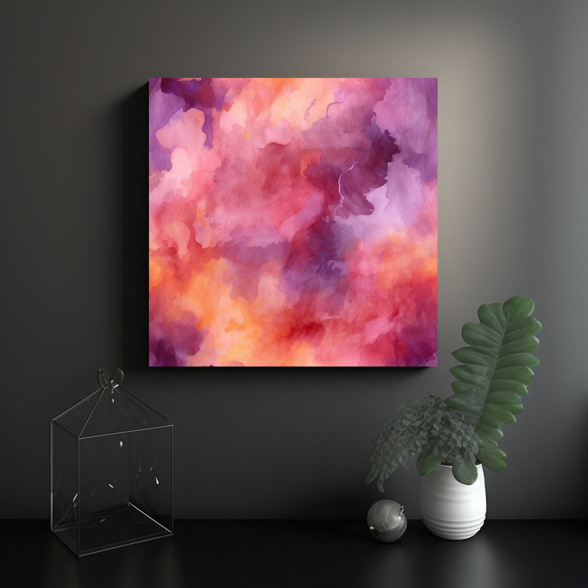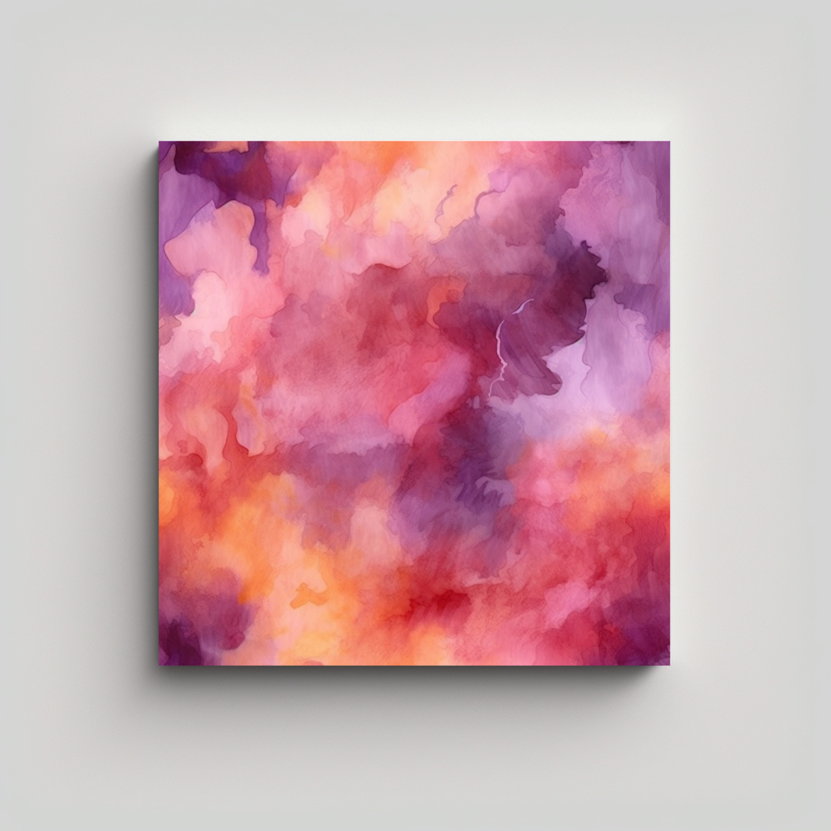 DecoCuadros presenta un cuadro decorativo con fondo acuarela abstracto multicolor y patrón naranja Los colores coral, carmesí, rosado claro, gris y morado se combinan en una obra única Aseguramos la mejor calidad y precios competitivos en el mercado Envíos express a regiones disponibles
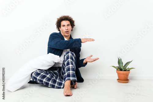 Mature man wearing pajama sitting on house floor shocked and amazed holding a copy space between hands.
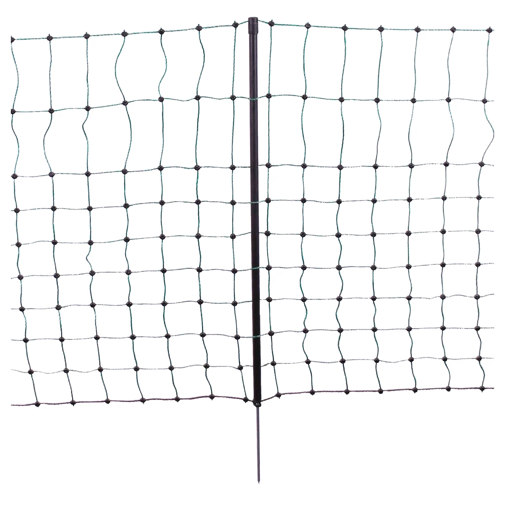 Eenvoudige Plaatsing: De palen zijn uitgerust met een enkele metalen punt, waardoor het net zeer snel en licht in de grond te steken is. Ideaal voor wie de afrastering regelmatig wil verplaatsen.
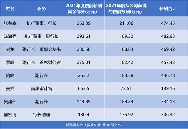另据浙商银行2021年年报披露的数据,张荣森从公司获得税前报酬为211.06万元,其次是陈海强和副行长吴建伟,分别为189.32万元、189.24万元。
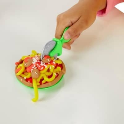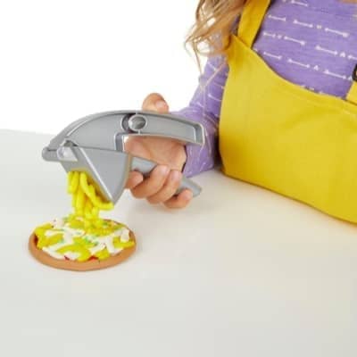 5 PLAY-DOH CANS AND 6 ACCESSORIES – This Play-Doh toy is great for kids who love modeling clay and cooking. It comes with 5 standard-size 2-ounce Play-Doh cans, plus a pizza paddle, cutter, and more.
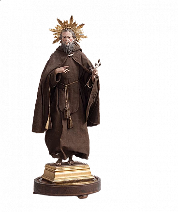 Figura di Santo Napoletano raffigurante San Ciro. Realizzato secondo la tradizione con mani e piedi in legno, testa in terracotta e occhi di cristallo. La finezza dell'intaglio, la cura dei dettagli fa chiaro riferimento alla cultura presepiale della seconda metà del XVIII secolo. Provenienza: Napoli fine XVIII secolo (1770/80) Misure: Altezza testa-piedi 55cm. Documento: Certificato di Autenticità.
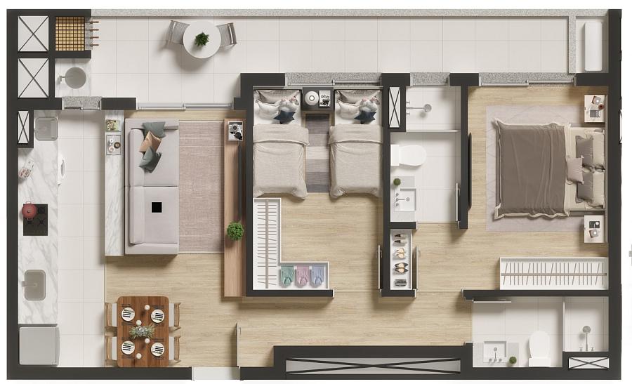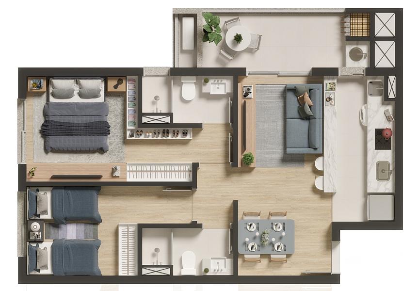 O Curaçao Homeclub também conta com outras unidades disponíveis de 68,96m² a 75,74m², com opções de 2 dormitórios.
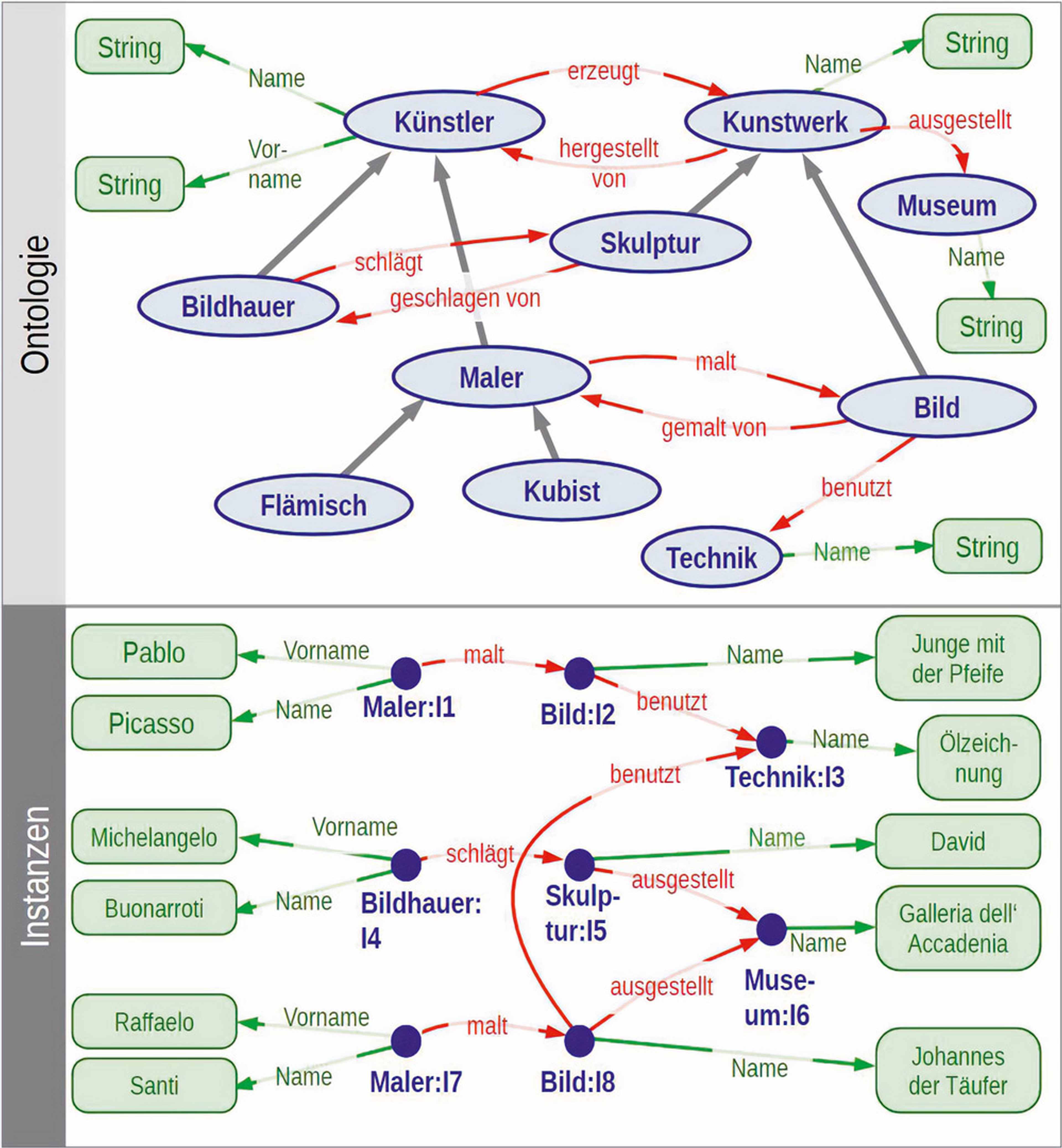 Abbildung 4 zeigt eine Ontologie aus der Domäne „Kunst“ sowie die Anwendung auf Daten. In unserem Forschungsprojekt fokussieren wir uns auf kleine, domänenspezifische Ontologien.
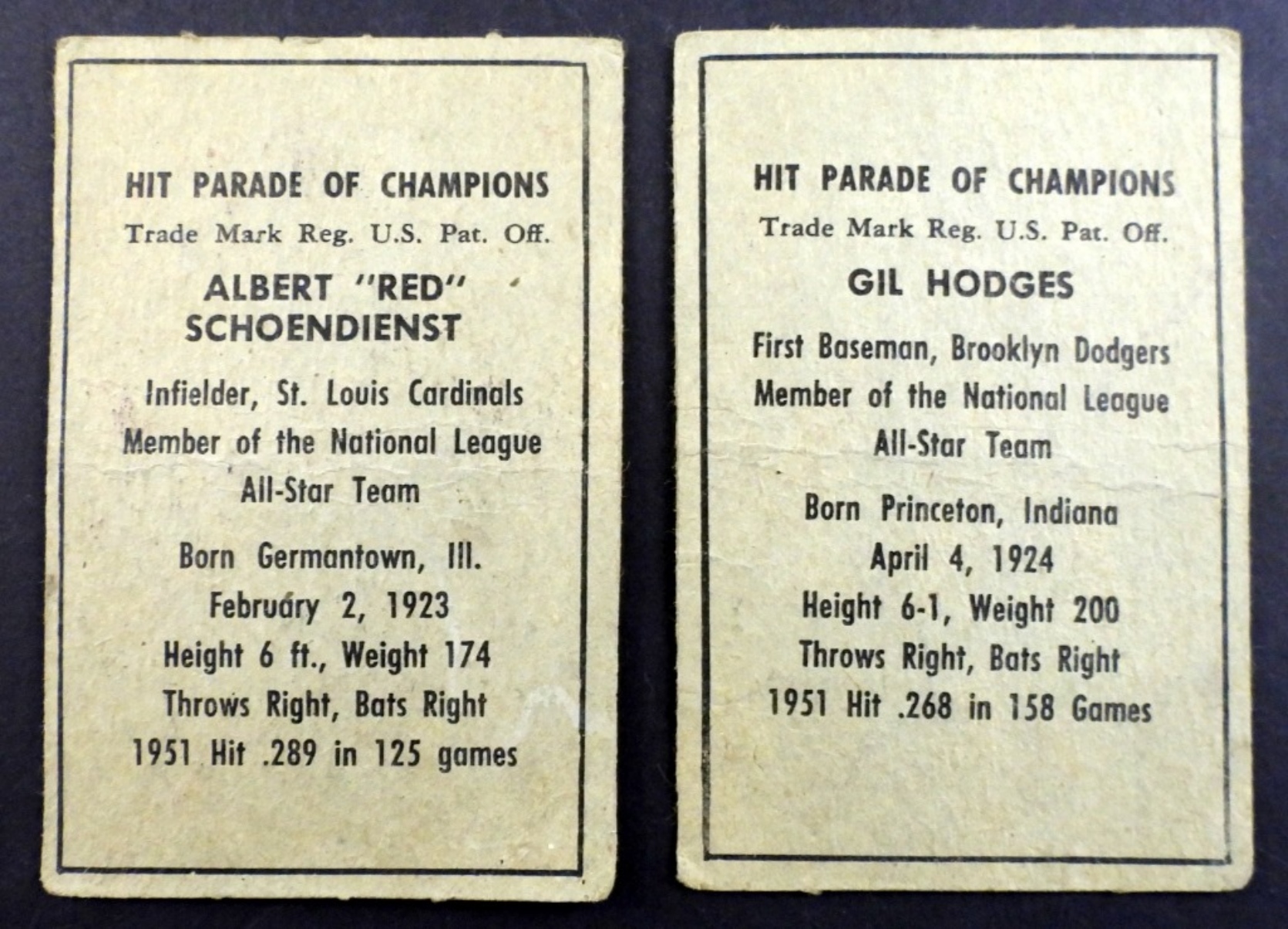 GIL HODGES & RED SCHOENDIENST – BOTH VG with CENTER CREASE

#####

* What you should do: Restate the material above word for word, dropping the pictures.

* Result:
 DecoCuadros presenta un cuadro decorativo con fondo acuarela abstracto multicolor y patrón naranja Los colores coral, carmesí, rosado claro, gris y morado se combinan en una obra única Aseguramos la mejor calidad y precios competitivos en el mercado Envíos express a regiones disponibles
 Mature man wearing pajama sitting on house floor shocked and amazed holding a copy space between hands.
 Eenvoudige Plaatsing: De palen zijn uitgerust met een enkele metalen punt, waardoor het net zeer snel en licht in de grond te steken is. Ideaal voor wie de afrastering regelmatig wil verplaatsen.
另据浙商银行2021年年报披露的数据,张荣森从公司获得税前报酬为211.06万元,其次是陈海强和副行长吴建伟,分别为189.32万元、189.24万元。
 5 PLAY-DOH CANS AND 6 ACCESSORIES – This Play-Doh toy is great for kids who love modeling clay and cooking. It comes with 5 standard-size 2-ounce Play-Doh cans, plus a pizza paddle, cutter, and more.
 Figura di Santo Napoletano raffigurante San Ciro. Realizzato secondo la tradizione con mani e piedi in legno, testa in terracotta e occhi di cristallo. La finezza dell'intaglio, la cura dei dettagli fa chiaro riferimento alla cultura presepiale della seconda metà del XVIII secolo. Provenienza: Napoli fine XVIII secolo (1770/80) Misure: Altezza testa-piedi 55cm. Documento: Certificato di Autenticità.
 O Curaçao Homeclub também conta com outras unidades disponíveis de 68,96m² a 75,74m², com opções de 2 dormitórios.
 Abbildung 4 zeigt eine Ontologie aus der Domäne „Kunst“ sowie die Anwendung auf Daten. In unserem Forschungsprojekt fokussieren wir uns auf kleine, domänenspezifische Ontologien.
 GIL HODGES & RED SCHOENDIENST – BOTH VG with CENTER CREASE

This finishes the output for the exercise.